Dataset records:
=======

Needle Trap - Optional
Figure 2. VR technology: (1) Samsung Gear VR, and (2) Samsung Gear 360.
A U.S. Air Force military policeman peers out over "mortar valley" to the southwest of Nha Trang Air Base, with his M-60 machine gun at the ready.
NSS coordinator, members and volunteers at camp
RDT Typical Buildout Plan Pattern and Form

=======

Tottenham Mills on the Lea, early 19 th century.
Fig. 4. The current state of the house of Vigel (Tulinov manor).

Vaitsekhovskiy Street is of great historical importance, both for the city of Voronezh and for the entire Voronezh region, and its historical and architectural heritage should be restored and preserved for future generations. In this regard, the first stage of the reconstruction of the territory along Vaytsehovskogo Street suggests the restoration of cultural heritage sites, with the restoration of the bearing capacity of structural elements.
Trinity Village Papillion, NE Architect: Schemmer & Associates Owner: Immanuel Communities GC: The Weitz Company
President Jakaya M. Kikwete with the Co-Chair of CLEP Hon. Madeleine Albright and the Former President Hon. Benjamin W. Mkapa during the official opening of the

=======

About this task
The lines above from the one with "Needle Trap - Optional" through the one with "RDT Typical Buildout Plan Pattern and Form" are to be duplicated exactly, ends included, with nothing added.

Solution to this exercise
Needle Trap - Optional
Figure 2. VR technology: (1) Samsung Gear VR, and (2) Samsung Gear 360.
A U.S. Air Force military policeman peers out over "mortar valley" to the southwest of Nha Trang Air Base, with his M-60 machine gun at the ready.
NSS coordinator, members and volunteers at camp
RDT Typical Buildout Plan Pattern and Form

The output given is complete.